Abstract

Herein, biomodification-free Pt nanoparticles (Pt NPs) were directly employed to construct new single-particle collision electrochemical biosensors, which were based on rational control of sulfhydryl group onto the magnetic beads (MBs) surface for Pt NPs capture. As proof of concept, human immunodeficiency virus DNA (HIV-DNA) was chosen as a model target. The hairpin-like DNA probes were conjugated onto the MBs and the sulfhydryl groups labeled at the end of hairpins were confined onto the MBs. The target recognition induced the exposure of the caged sulfhydryl groups for efficient capture of Pt NPs and polymerase-powered target recycling contributed for signal amplification. After magnetic separation, the amount of freely diffusing Pt NPs in solution for electrocatalytic hydrazine oxidation decreased, resulting in target-dependent collision frequency change.
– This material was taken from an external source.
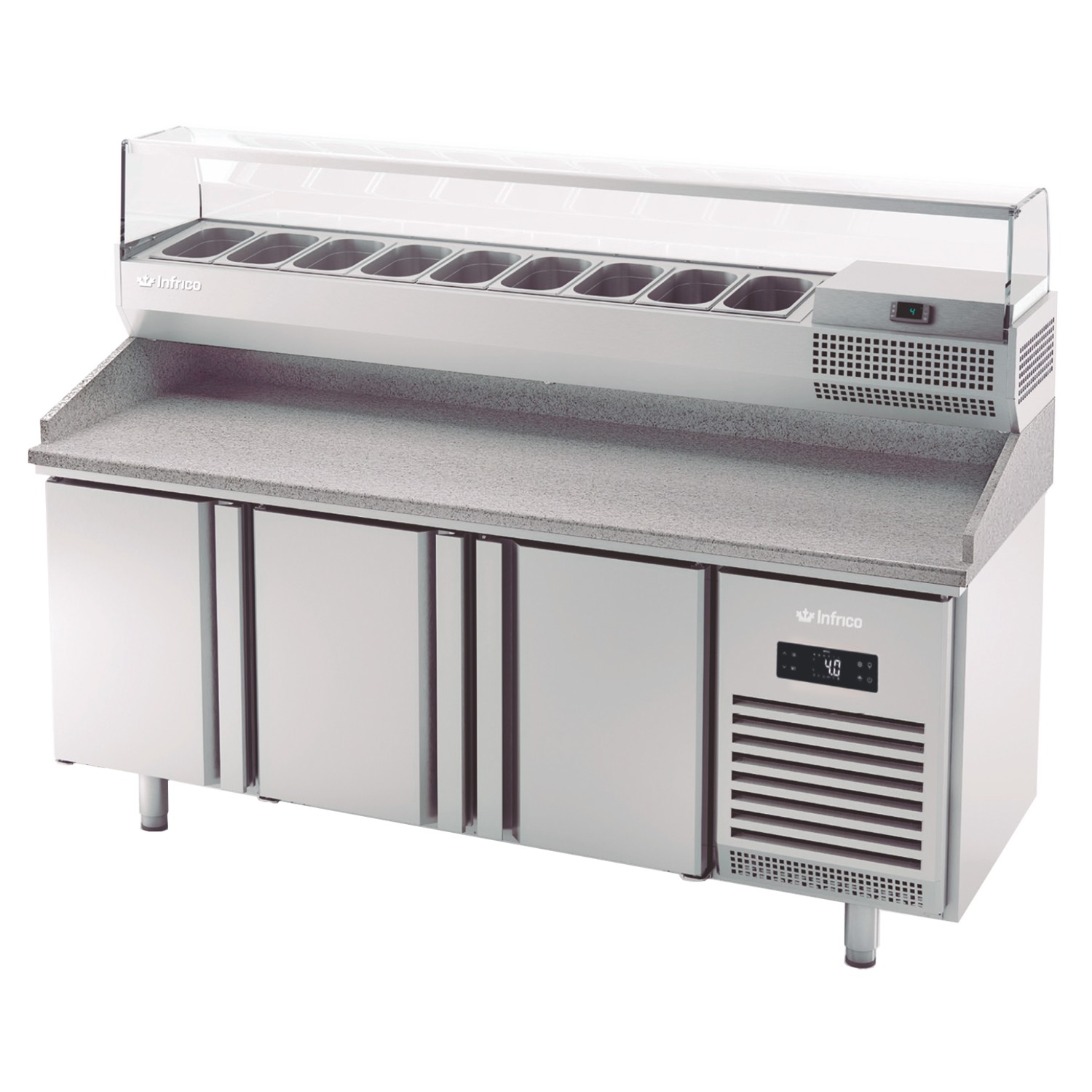 Infrico MPG 1980 (MPG1980) is a refrigerated pizza table built for busy service where prep space and reliable chilled storage need to work together. Positioned in the Undercounters range within the Series GN1/1 700, this pizza undercounter refrigerator is sized to fit smoothly into professional kitchen lines while supporting GN 1/1 workflows.

With the developed sensing mode, the sensitive detection of target DNA with a low detection limit of 0.13?pM could be achieved. It also demonstrated a good detection selectivity toward other nucleotide sequences and could be applied for target detection in serum system. An extended application of current collision-based sensing mode for protein kinase (PKA) activity was also proposed, which was based on PKA-catalyzed peptide phosphorylation to introduce new sulfhydryl groups onto MBs for Pt NPs capture. By monitoring the changes in the collision of Pt NPs, the activity of PKA and its inhibitor were well determined. Thus, this work provides new avenue toward the development of single-particle collision-based biosensors for highly sensitive and accurate bioanalysis by integrating specific biorecognition and/or amplification process and biomodification-free nanoparticles.